Her heart sank. He might be exaggerating, but even if he wasn’t he was better off here than in Hull. ‘There’s worse things than having your sweet ration pinched,’ she
said, ‘and if you’d been in Casualty when they brought our mam in, you’d know that. And don’t swear. What’s the school like?’

‘Lousy.’

‘Pam likes her school. The people she’s with say she’s doing well there.’

‘She sucks up to everybody.’

‘It would be better all round if you did the same, Alfie,’ Marie said. ‘Why the hell can’t you behave yourself? Get on Mrs Morton’s good side; give her less to
complain about.’

‘Can’t stand her, and she hasn’t got a good side. Or Ernie, either; rotten bully. Take me with you. I want to see our mam.’

She tried to impress on him the sheer impossibility of taking him with her as they walked back to the house. When they reached the gate it was evident he’d heard nothing she had said.
‘Take me with you,’ he repeated, in a very subdued voice.

‘I can’t, Alfie,’ she said, despairing and exasperated with him. ‘You know very well I can’t. I have to work at the hospital. Our mam’s so badly wounded she
won’t be home for ages, and there’s nobody else to look after you now. We’re fighting a war, remember? We’re all in it, and you’ll have to be brave and do your bit,
like the rest of us. Anyway, the bus is full, there isn’t a seat.’
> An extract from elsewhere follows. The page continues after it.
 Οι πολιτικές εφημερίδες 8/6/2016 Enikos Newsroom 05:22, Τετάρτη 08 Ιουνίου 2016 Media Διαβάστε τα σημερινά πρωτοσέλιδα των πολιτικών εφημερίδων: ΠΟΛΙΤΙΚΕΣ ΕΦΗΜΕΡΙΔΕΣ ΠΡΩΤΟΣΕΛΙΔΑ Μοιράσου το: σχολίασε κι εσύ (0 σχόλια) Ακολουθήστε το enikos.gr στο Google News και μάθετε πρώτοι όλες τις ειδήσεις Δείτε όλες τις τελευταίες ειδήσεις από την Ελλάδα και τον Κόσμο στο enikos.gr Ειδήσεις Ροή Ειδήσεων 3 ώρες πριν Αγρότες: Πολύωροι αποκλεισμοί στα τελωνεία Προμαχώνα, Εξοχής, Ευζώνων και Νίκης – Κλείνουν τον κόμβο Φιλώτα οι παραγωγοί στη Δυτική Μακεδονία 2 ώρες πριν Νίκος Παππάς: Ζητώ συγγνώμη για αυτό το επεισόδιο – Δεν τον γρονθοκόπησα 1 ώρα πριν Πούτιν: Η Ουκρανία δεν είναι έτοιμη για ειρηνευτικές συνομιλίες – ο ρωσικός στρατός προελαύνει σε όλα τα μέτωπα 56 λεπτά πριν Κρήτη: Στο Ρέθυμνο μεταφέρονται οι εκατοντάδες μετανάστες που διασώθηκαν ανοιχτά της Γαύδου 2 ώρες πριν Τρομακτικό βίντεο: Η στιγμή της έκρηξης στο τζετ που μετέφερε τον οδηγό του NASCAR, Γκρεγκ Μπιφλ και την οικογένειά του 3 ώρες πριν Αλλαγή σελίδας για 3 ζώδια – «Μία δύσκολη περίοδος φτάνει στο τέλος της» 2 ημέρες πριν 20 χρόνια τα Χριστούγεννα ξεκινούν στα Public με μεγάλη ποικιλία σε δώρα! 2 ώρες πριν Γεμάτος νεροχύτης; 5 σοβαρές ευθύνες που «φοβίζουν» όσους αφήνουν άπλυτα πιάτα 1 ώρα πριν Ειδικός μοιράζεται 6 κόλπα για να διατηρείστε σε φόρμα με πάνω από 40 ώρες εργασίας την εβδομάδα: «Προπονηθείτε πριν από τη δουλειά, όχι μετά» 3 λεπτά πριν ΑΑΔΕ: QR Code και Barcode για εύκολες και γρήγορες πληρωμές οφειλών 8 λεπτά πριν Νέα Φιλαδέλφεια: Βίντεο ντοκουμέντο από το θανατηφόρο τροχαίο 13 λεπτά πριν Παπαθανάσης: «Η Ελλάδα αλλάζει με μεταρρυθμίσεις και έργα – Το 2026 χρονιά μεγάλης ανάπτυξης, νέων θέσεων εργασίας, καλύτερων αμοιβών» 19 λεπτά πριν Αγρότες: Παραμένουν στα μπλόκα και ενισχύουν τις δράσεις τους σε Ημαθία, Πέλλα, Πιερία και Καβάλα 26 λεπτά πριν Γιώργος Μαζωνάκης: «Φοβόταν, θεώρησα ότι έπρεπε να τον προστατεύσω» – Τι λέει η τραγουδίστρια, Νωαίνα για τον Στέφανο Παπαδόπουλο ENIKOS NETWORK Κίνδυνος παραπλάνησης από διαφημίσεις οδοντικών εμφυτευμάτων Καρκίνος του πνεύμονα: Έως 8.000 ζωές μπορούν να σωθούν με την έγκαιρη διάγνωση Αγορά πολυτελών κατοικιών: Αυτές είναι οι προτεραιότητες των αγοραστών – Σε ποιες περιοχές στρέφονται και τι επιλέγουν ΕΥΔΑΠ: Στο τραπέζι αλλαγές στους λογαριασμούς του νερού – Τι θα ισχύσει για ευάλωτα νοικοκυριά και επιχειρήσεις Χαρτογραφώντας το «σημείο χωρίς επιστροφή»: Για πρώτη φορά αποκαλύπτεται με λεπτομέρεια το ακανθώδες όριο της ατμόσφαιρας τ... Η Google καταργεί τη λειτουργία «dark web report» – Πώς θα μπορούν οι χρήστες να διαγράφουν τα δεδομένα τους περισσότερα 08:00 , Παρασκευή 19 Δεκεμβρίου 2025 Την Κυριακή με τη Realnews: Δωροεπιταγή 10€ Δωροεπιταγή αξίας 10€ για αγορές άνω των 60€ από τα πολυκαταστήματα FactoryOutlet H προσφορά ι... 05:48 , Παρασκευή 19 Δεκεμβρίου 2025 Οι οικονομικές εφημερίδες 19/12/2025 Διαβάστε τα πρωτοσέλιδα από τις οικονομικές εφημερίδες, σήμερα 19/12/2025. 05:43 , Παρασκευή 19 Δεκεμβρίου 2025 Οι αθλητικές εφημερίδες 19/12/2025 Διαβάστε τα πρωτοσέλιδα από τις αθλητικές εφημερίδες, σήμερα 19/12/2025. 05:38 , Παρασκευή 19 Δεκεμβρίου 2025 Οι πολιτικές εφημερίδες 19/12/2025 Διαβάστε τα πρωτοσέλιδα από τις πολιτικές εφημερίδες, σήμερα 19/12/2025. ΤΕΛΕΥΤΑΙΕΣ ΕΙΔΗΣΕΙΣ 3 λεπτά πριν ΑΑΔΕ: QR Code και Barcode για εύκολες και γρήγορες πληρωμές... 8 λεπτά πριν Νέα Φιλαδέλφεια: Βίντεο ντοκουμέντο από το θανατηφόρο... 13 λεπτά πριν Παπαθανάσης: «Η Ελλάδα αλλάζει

Alfie started to weep. ‘I’ll sit on your knee!’

‘Come on, buck up.’ Marie pulled a lace hankie out and wiped his tears. You’ll have to make the best of it for a bit, Alfie. I’ve got to work. There’s a lot of
wounded people need looking after. And apart from everything else, we need the money.’

‘If you’re so sure Dad’s dead, we ought to be having a funeral. I want to come to the funeral.’
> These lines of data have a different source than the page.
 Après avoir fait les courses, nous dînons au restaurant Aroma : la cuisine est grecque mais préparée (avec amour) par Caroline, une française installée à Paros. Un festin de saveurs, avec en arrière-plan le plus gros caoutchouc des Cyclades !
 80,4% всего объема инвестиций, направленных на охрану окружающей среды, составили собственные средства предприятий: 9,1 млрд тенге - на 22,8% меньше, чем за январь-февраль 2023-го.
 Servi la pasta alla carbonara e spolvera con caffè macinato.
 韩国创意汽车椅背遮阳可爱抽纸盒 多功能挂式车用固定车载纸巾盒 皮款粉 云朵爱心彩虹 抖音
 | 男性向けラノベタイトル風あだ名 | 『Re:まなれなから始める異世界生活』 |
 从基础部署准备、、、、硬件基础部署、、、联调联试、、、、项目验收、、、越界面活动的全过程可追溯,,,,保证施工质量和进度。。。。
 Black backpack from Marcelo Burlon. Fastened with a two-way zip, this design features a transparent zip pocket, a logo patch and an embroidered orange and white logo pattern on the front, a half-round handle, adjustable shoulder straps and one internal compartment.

‘I’m not sure what’s happening yet, Alfie.’ Marie said, not yet ready to give up all hope. ‘I’ll write to you as soon as I find out.’

She took his hands in hers, and noticed his fingernails chewed down to the quick. That was something new. He’d never been a fingernail biter before, and he’d never wet the bed,
either. She threw her arms round him for a last hug. ‘I’ll come and see you again as soon as I can, Alfie,’ she said, and fled for the bus.

She boarded it with a bad conscience. In no mood for conversation, she sat down beside a woman who was gazing out of the window, wrapped in her own thoughts. To Marie’s
relief she proved equally unsociable, and they travelled in blessed silence all the way to New Holland and the ferry. By the time they got there, the force of circumstances had helped Marie to talk
herself out of her misgivings about Alfie. Almost.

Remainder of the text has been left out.